Vejo que o Movimento desde o início de sua caminhada começou pelos jovens. Estes sempre foram os protagonistas, sempre estiveram à frente, pensando, discutindo, trabalhando e estabelecendo referenciais importantes e consolidadas em nosso meio. Trabalhamos para que estes movimentos sejam restabelecidos de forma mais coletiva, oportunizando e demonstrando que podemos fazer desta forma, onde todos sejam capazes de serem ouvidos, entendidos, onde suas vontades sejam vontades coletivas.

As manifestações individuais devem ser respeitadas e devem ser propositivas às construções de novas relações de respeito entre pessoas e um convívio social saudável. Os exemplos destas crianças, adolescentes e jovens adultos nos elevam a um patamar acima daqueles que pensam ser absolutamente proprietários de vontades e desejos, em ditar o que é certo e errado, o que pode e não pode. Já passamos por esta fase e as crianças e jovens estão demonstrando que é possível termos um movimento leve, livre, como foi estabelecido pelos homens e mulheres iniciadores deste movimento. Estes sim são nossos inspiradores e pensadores.

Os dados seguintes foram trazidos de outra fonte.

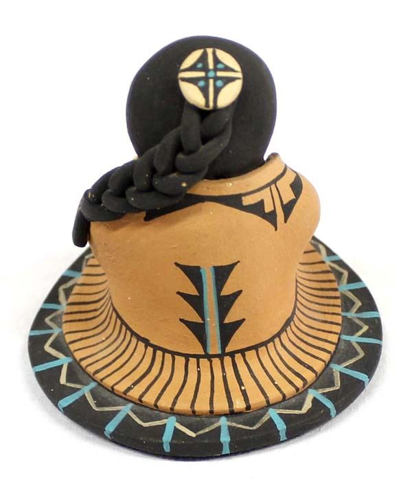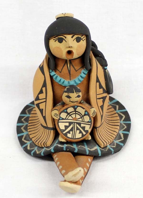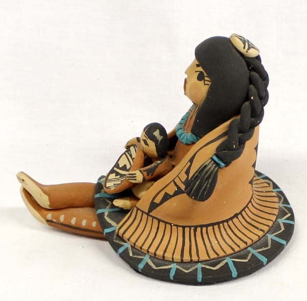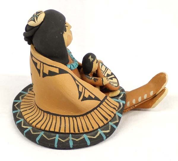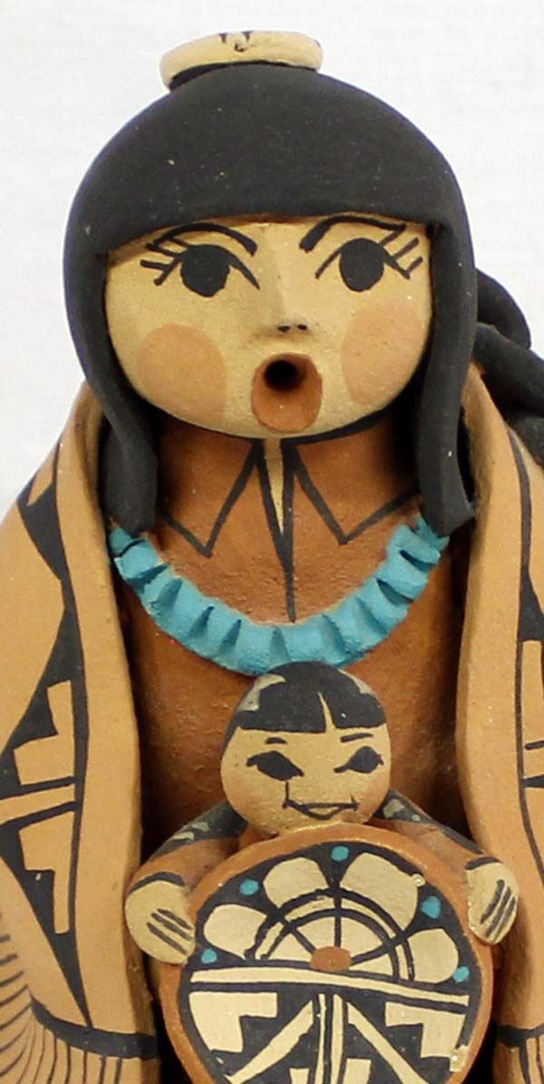 Native American Jemez Pottery Storyteller by Carol Lucero Gachupin (b. 1958), measures 6'' x 4'' x 4'' and is signed on bottom of legs, small nip in pot that child is holding

A essência ficou e os jovens a receberam e conseguem apoderar-se para darem continuidade a este trabalho. Por isso este mês de junho é muito importante para o MTG, é um mês inspirador, onde a juventude tradicionalista vai em busca do conhecimento e da livre liberdade de expressão e manifestação nos concursos regionais, incentivando a descoberta de novas lideranças. Assim ocorre a renovação e cabe a todos oportunizar a estes jovens as rédeas do movimento, mesclando a força da juventude com a experiência de vida dos que aqui estão. Isso no remete ao nosso tema anual: Unindo Gerações para Construir um Amanhã. Vamos seguir firmes, acreditando em nossas convicções e seguindo os exemplos de um de nossos inspiradores que nos diz: “Mais cedo ou mais tarde sempre chegará o dia em que teremos a certeza de que não foi em vão termos feito, sempre que possível um pouquinho além daquilo que era nosso estrito dever” (Cyro Dutra Ferreira). Vamos continuar buscando em homens deste quilate os exemplos do verdadeiro tradicionalismo.